The full listing, copied exactly and free of pictures, is the expected reply.
Collected material below:
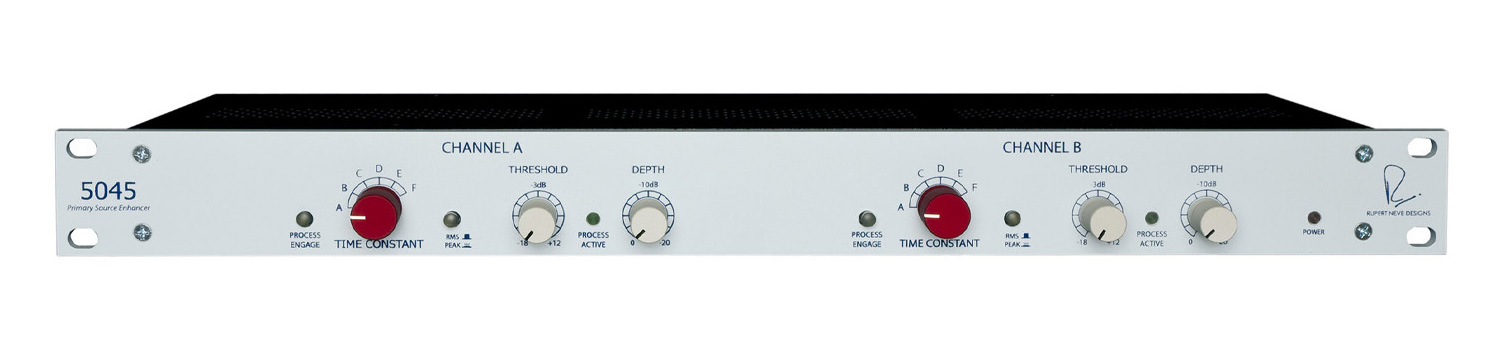 5045は、素材の完全性を損ないにくい形でコントロールすることを狙ったプロセッサーです。フィルタリングやデジタル・プロセッシングに依存せず、Rupert Neve Designsによるカスタム入出力トランスの周囲に構築したオールアナログ回路を採用しています。処理を入れた途端に質感が変わったり、帯域が痩せたりといった違和感を抑える方向でまとめられている点も、現場では扱いやすい要素です。フィードバックを抑えたい一方で、音のキャラクターは大きく変えたくない。そうした用途に向けて、自然な聴感とコントロール性の両立を狙った設計と言えるでしょう。
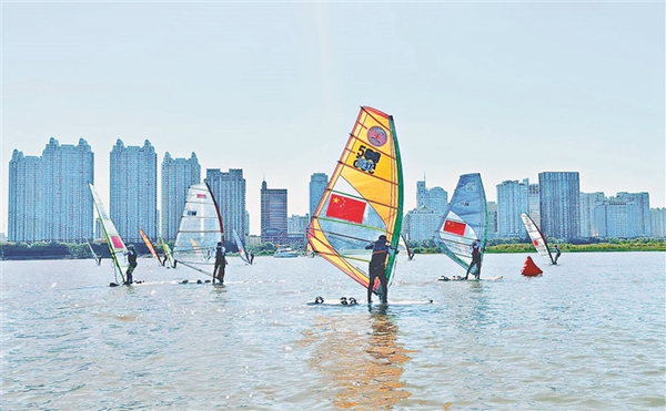 在松花江上,在呼蘭河口濕地……冰城的夏日里,波光粼粼的水面上,時(shí)常倒映著片片三角形彩帆。
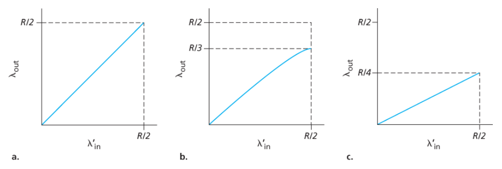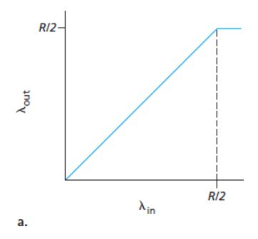 - 각 패킷이 라우터에 의해 두 번씩 전달된다고 가정했을 때, 제공된 부하가 R/2일 때의 처리량은 R/4
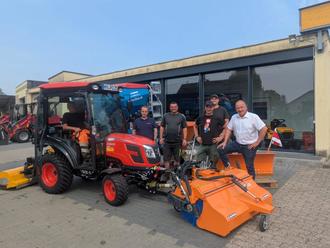 Stadtbürgermeister Gerd Klasen und Bauhof-Vorarbeiter Simon Sauer freuen sich über die Neuanschaffung: „Mit dem kleinen Traktor können wir noch flexibler arbeiten und unser Stadtbild weiterhin gepflegt und sauber halten. Das ist ein Gewinn für alle Polcherinnen und Polcher.“
End of Collected material.
Task output
 5045は、素材の完全性を損ないにくい形でコントロールすることを狙ったプロセッサーです。フィルタリングやデジタル・プロセッシングに依存せず、Rupert Neve Designsによるカスタム入出力トランスの周囲に構築したオールアナログ回路を採用しています。処理を入れた途端に質感が変わったり、帯域が痩せたりといった違和感を抑える方向でまとめられている点も、現場では扱いやすい要素です。フィードバックを抑えたい一方で、音のキャラクターは大きく変えたくない。そうした用途に向けて、自然な聴感とコントロール性の両立を狙った設計と言えるでしょう。
 在松花江上,在呼蘭河口濕地……冰城的夏日里,波光粼粼的水面上,時(shí)常倒映著片片三角形彩帆。
 - 각 패킷이 라우터에 의해 두 번씩 전달된다고 가정했을 때, 제공된 부하가 R/2일 때의 처리량은 R/4
 Stadtbürgermeister Gerd Klasen und Bauhof-Vorarbeiter Simon Sauer freuen sich über die Neuanschaffung: „Mit dem kleinen Traktor können wir noch flexibler arbeiten und unser Stadtbild weiterhin gepflegt und sauber halten. Das ist ein Gewinn für alle Polcherinnen und Polcher.“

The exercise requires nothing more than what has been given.